Jl. Kudus Colo Km. 5, Belakang Taman Budaya Bae Krajan, Kudus
Home » » Mengubah Status Wakaf: Musholla Menjadi Masjid (Bag. 1)

Mengubah Status Wakaf: Musholla Menjadi Masjid (Bag. 1)

Musholla yang telah diwakafkan tidak dapat menjadi masjid kalau tidak diniatkan. Referensi Mughni al-Muhtaaj II/382:

( ولا يصح ) الوقف ( إلا بلفظ ) من ناطق يشعر بالمراد..
تنبيه يستثنى من اشتراط اللفظ ما إذا بنى مسجدا في موات ونوى جعله مسجدا فإنه يصير مسجدا ولم يحتج إلى لفظ كما قاله في الكفاية تبعا للماوردي لأن الفعل مع النية مغنيان هنا عن القول ووجهه السبكي بأن الموات لم يدخل في ملك من أحياه مسجدا وإنما احتيج للفظ لإخراج ما كان ملكه عنه وصار للبناء حكم المسجد تبعا
قال الإسنوي وقياس ذلك إجراؤه في غير المسجد أيضا من المدارس والربط وغيرها وكلام الرافعي في إحياء الموات يدل له

 
“Wakaf itu tidak sah kecuali disertai ucapan (dari yang mewakafkan) yang memberikan pengertian pewakafan yang dimaksud... Dikecualikan dari syarat pengucapan bila seorang membangun masjid dilahan bebas, dan ia berniat menjadikannya masjid maka bangunan tersebut menjadi masjid dan tidak memerlukan ucapan pewakafan, hal ini sebagaimana ungkapan Ibn Rif’ah dalam kitab al-Kifaayah dengan mengikuti al-Mawardi “sebab aktifitas membangun disertai niat menjadikannya masjid sudah mencukupi pewakafan dari pebgucapan wakaf, as-Subky memperkuatnya bahwa lahan bebas tersebut tidak menjadi milik seseorang yang membukanya sebagai masjid.
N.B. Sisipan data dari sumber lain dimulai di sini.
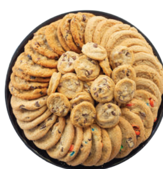
Sendik's Cookie Tray 20 ct $20, 40 ct $40,
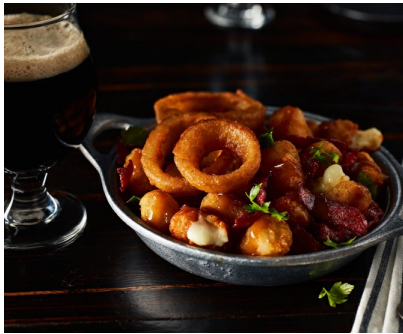
Dublin-er Tots Poutine

Diperlukannya pengucapan pewakafan tersebut untuk mengecualikan lahan dari kepemilikan seseorang dan untuk bangunannya diperlakukan hukum masjid karena mengikuti lahannya”. 
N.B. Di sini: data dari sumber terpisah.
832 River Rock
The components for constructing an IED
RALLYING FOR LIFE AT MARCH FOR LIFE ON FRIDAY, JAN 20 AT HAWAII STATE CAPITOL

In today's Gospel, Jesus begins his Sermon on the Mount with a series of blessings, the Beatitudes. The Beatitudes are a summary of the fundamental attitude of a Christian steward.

Al-Asnawy berpendapat “Dan hukum qiyas kasus tersebut adalah pemberlakuannya pada selain masjid yaitu sekolah-sekolah, pesantren-pesantren dan selainnya”.

Pendapat ar-Rafi’i dalam bab Ihyaa’ al-Mawaat juga menunjukkan demikian.
 

( قوله ووقفته للصلاة الخ ) أي وإذا قال الواقف وقفت هذا المكان للصلاة فهو صريح في مطلق الوقفية ( قوله وكناية في خصوص المسجدية فلا بد من نيتها ) فإن نوى المسجدية صار مسجدا وإلا صار وقفا على الصلاة فقط وإن لم يكن مسجدا كالمدرسة
 
(Ungkapan Syekh zainuddin al-Malibari “Saya mewakafkannya untuk shalat”) yakni si pewakaf berkata “saya mewakafkan tempat ini untuk shalat” maka ucapan tersebut termasuk sharih (jelas) dalam kemutlakan wakaf. (Ungkapan beliau “Dan kinayah dalam kekhususannya sebagai masjid, maka harus ada niat untuk menjadikannya masjid”). Jika ia berniat menjadikannya masjid maka tempat tersebut menjadi masjid, jika tidak maka hanya menjadi wakaf untuk shalat saja dan tidak menjadi masjid seperti sekolahan. (I’aanah at-Thoolibiin III/160).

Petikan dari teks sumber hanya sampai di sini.